───── INPUT RECORDS

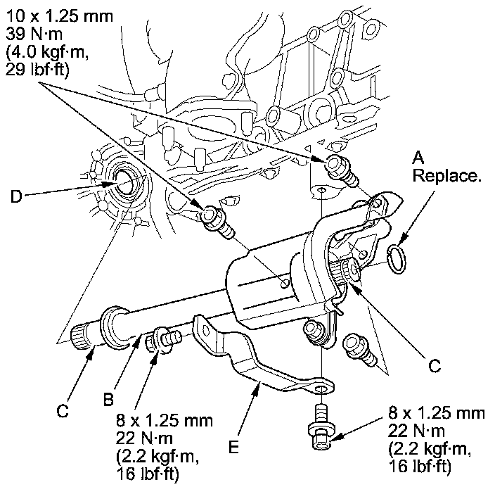 NOTE: Insert the intermediate shaft carefully to prevent damaging the oil seal (D).
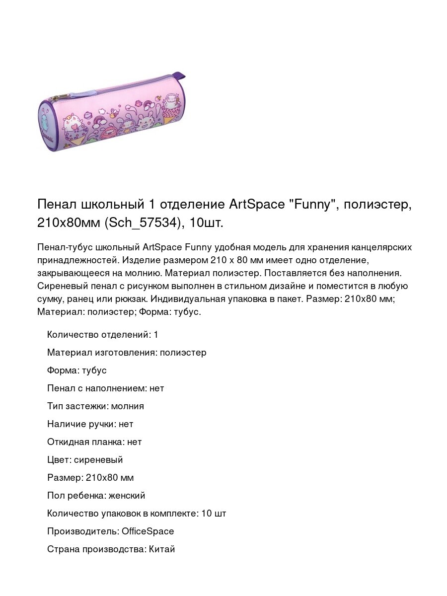 Пенал школьный 1 отделение ArtSpace «Funny», полиэстер, 210х80мм (Sch_57534), 10шт.: сравнение цен, характеристики, фото, актуальное наличие и цены.
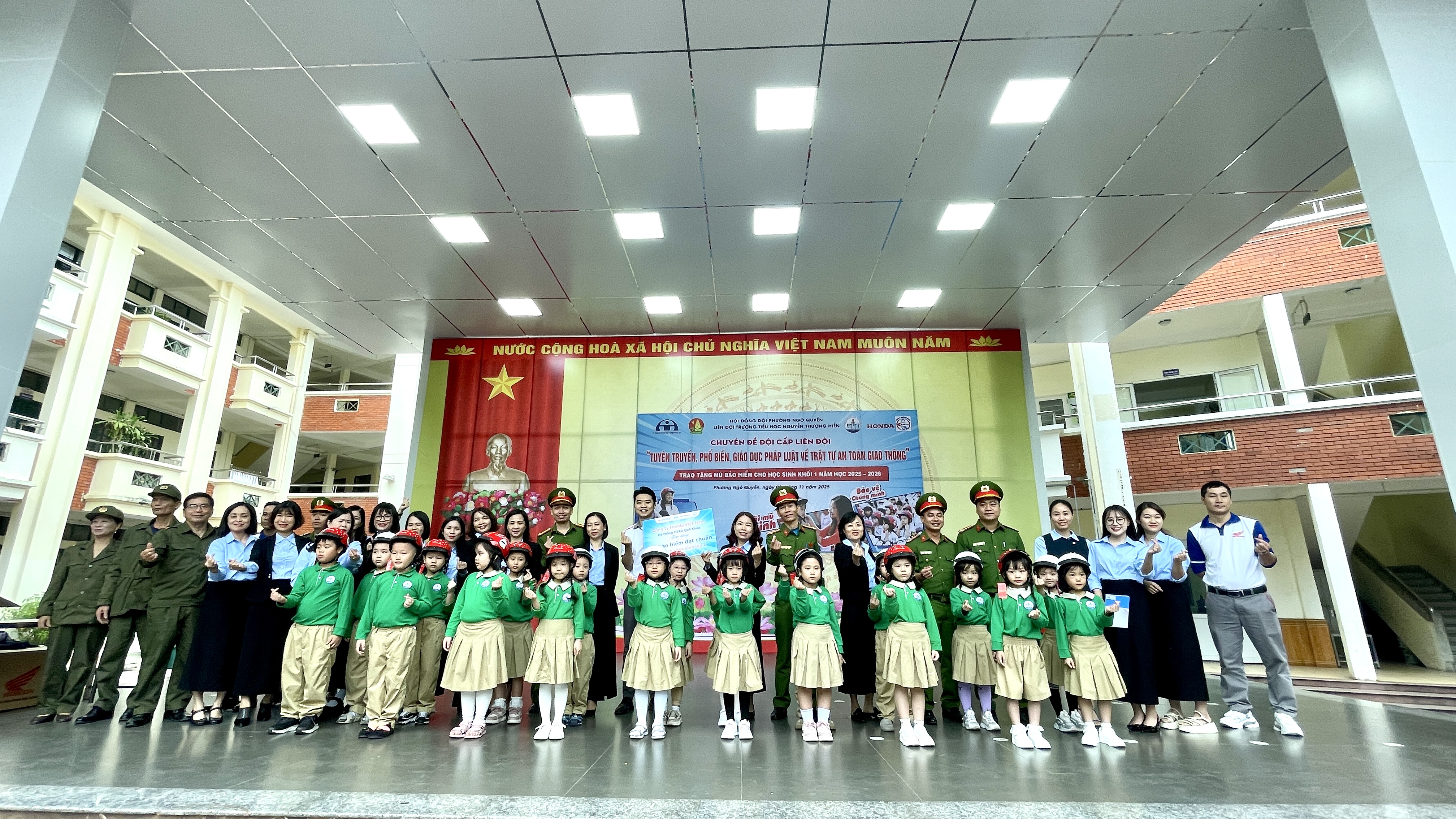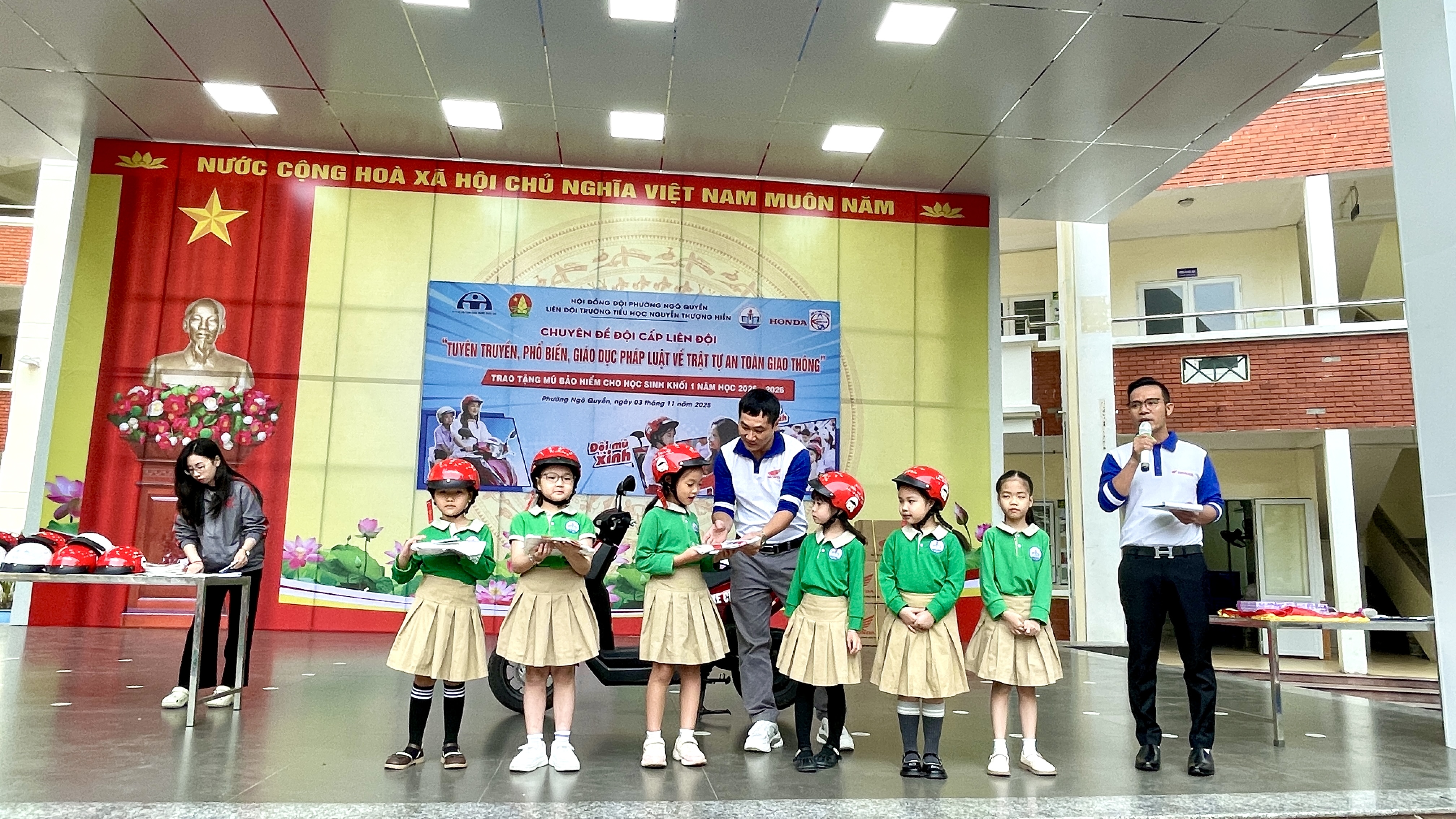 Đặc biệt, trong chương trình, Liên đội phối hợp với đơn vị tài trợ Công ty TNHH Quế Khoa đã trao tặng mũ bảo hiểm đạt chuẩn cho 100% học sinh khối 1. Đây là món quà thiết thực và ý nghĩa, góp phần bảo đảm an toàn cho các em, đồng thời lan tỏa thông điệp: “An toàn giao thông là hạnh phúc của mọi nhà.”
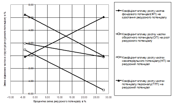 Рис.2.5. Структура та динаміка абсолютних величин складових ресурсного потенціалу ВАТ «Київмедпрепарат» 2.3 Аналіз основних чинників впливу на ресурсний потенціал підприємства ВАТ «Київмедпрепарат» У залежності від ступеня залучення у виробничо-господарську діяльність різні елементи ресурсного потенціалу відіграють неоднакову роль, тому при дослідженні структури ресурсного потенціалу варто виділяти в його складі активну і пасивну частини. До активної частини відносяться ресурси, що залучені в економічну діяльність і прямо впливають на її результативність: діючі основні виробничі і невиробничі фонди; нормативні запаси матеріальних цінностей у сфері виробництва і обертання; зайнята частина економічно активного населення; реалізована в технологіях, засобах, предметах і продуктах праці науково-технічна інформація. Ресурси, що маються в наявності, але не залучені в господарський оборот, відносяться до пасивної частини ресурсного потенціалу: наднормативні запаси і резерви матеріальних цінностей у сфері виробництва і обертання; незайнята частина трудових ресурсів; реалізована в проектах науково-технічна інформація; результати наукових і дослідно-конструкторських розробок. Виділення в складі ресурсного потенціалу активної і пасивної частин дуже важливо як з теоретичної, так і з практичних точок зору, оскільки воно дозволяє, по-перше, об'єктивно оцінювати ступінь використання ресурсного потенціалу, а, по-друге, виявляти інтенсивні й екстенсивні резерви підвищення ефективності виробництва. По ступені використання можливостей ланки, що хазяює, ресурсний потенціал підрозділяється на фактичний (досягнутий у даний момент) і перспективний. Така диференціація дозволяє оцінювати ступінь використання ресурсного потенціалу через порівняння перспективного рівня ресурсного потенціалу з його фактичним значенням. Основним етапом є визначення потенційних можливостей господарюючої системи.
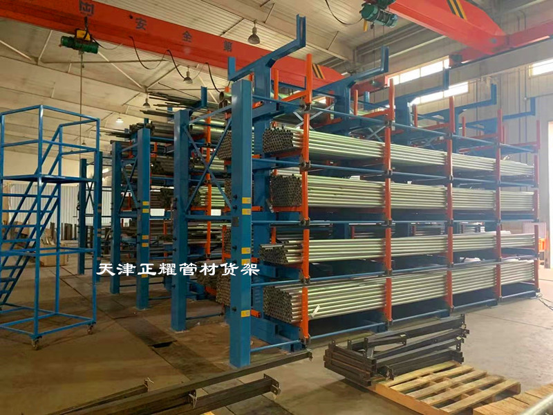 伸縮式管材貨架分類擺放幾十種管材整齊有序數(shù)量清晰,立體存放省空間存儲量高。懸臂伸出吊車存取單人操作使用簡單方便快捷,總存儲量60噸,隨時了解庫存量好統(tǒng)計盤點,管理方便。
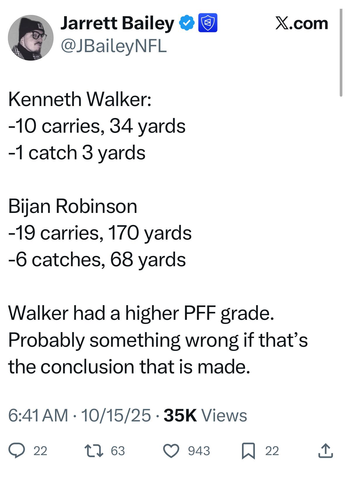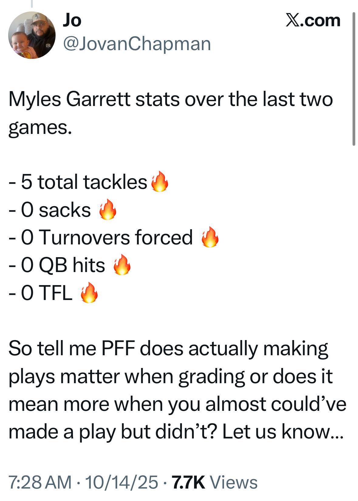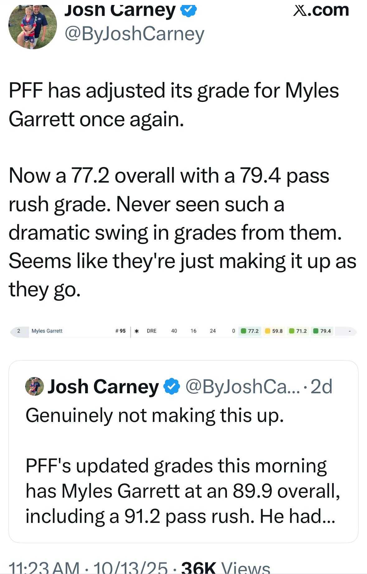 As it should. They attempt to grade every player/every snap for every game. It’s a big task. But like everything it gets “political”. Myles Garrett had one QB hurry in the game against Pittsburgh with no sacks or no tackles and was graded over 90%. It screams BS. It’s getting exposed
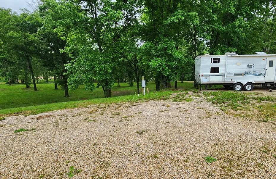 Includes Electric (30/50 Amp), water and sewer hookups. 28Ft and Smaller campers Sites include up to 6 people per site. $15 per person over 6. Nestled along the scenic banks of the Jacks Fork River… RV Campsite 2

──────────

* [REQUIRED WORK]
Please return all of the entries word for word, excluding the pictures.

* [REPLY TO THE EXERCISE]
 NOTE: Insert the intermediate shaft carefully to prevent damaging the oil seal (D).
 Пенал школьный 1 отделение ArtSpace «Funny», полиэстер, 210х80мм (Sch_57534), 10шт.: сравнение цен, характеристики, фото, актуальное наличие и цены.
 Đặc biệt, trong chương trình, Liên đội phối hợp với đơn vị tài trợ Công ty TNHH Quế Khoa đã trao tặng mũ bảo hiểm đạt chuẩn cho 100% học sinh khối 1. Đây là món quà thiết thực và ý nghĩa, góp phần bảo đảm an toàn cho các em, đồng thời lan tỏa thông điệp: “An toàn giao thông là hạnh phúc của mọi nhà.”
 Рис.2.5. Структура та динаміка абсолютних величин складових ресурсного потенціалу ВАТ «Київмедпрепарат» 2.3 Аналіз основних чинників впливу на ресурсний потенціал підприємства ВАТ «Київмедпрепарат» У залежності від ступеня залучення у виробничо-господарську діяльність різні елементи ресурсного потенціалу відіграють неоднакову роль, тому при дослідженні структури ресурсного потенціалу варто виділяти в його складі активну і пасивну частини. До активної частини відносяться ресурси, що залучені в економічну діяльність і прямо впливають на її результативність: діючі основні виробничі і невиробничі фонди; нормативні запаси матеріальних цінностей у сфері виробництва і обертання; зайнята частина економічно активного населення; реалізована в технологіях, засобах, предметах і продуктах праці науково-технічна інформація. Ресурси, що маються в наявності, але не залучені в господарський оборот, відносяться до пасивної частини ресурсного потенціалу: наднормативні запаси і резерви матеріальних цінностей у сфері виробництва і обертання; незайнята частина трудових ресурсів; реалізована в проектах науково-технічна інформація; результати наукових і дослідно-конструкторських розробок. Виділення в складі ресурсного потенціалу активної і пасивної частин дуже важливо як з теоретичної, так і з практичних точок зору, оскільки воно дозволяє, по-перше, об'єктивно оцінювати ступінь використання ресурсного потенціалу, а, по-друге, виявляти інтенсивні й екстенсивні резерви підвищення ефективності виробництва. По ступені використання можливостей ланки, що хазяює, ресурсний потенціал підрозділяється на фактичний (досягнутий у даний момент) і перспективний. Така диференціація дозволяє оцінювати ступінь використання ресурсного потенціалу через порівняння перспективного рівня ресурсного потенціалу з його фактичним значенням. Основним етапом є визначення потенційних можливостей господарюючої системи.
 伸縮式管材貨架分類擺放幾十種管材整齊有序數(shù)量清晰,立體存放省空間存儲量高。懸臂伸出吊車存取單人操作使用簡單方便快捷,總存儲量60噸,隨時了解庫存量好統(tǒng)計盤點,管理方便。
 As it should. They attempt to grade every player/every snap for every game. It’s a big task. But like everything it gets “political”. Myles Garrett had one QB hurry in the game against Pittsburgh with no sacks or no tackles and was graded over 90%. It screams BS. It’s getting exposed
 Includes Electric (30/50 Amp), water and sewer hookups. 28Ft and Smaller campers Sites include up to 6 people per site. $15 per person over 6. Nestled along the scenic banks of the Jacks Fork River… RV Campsite 2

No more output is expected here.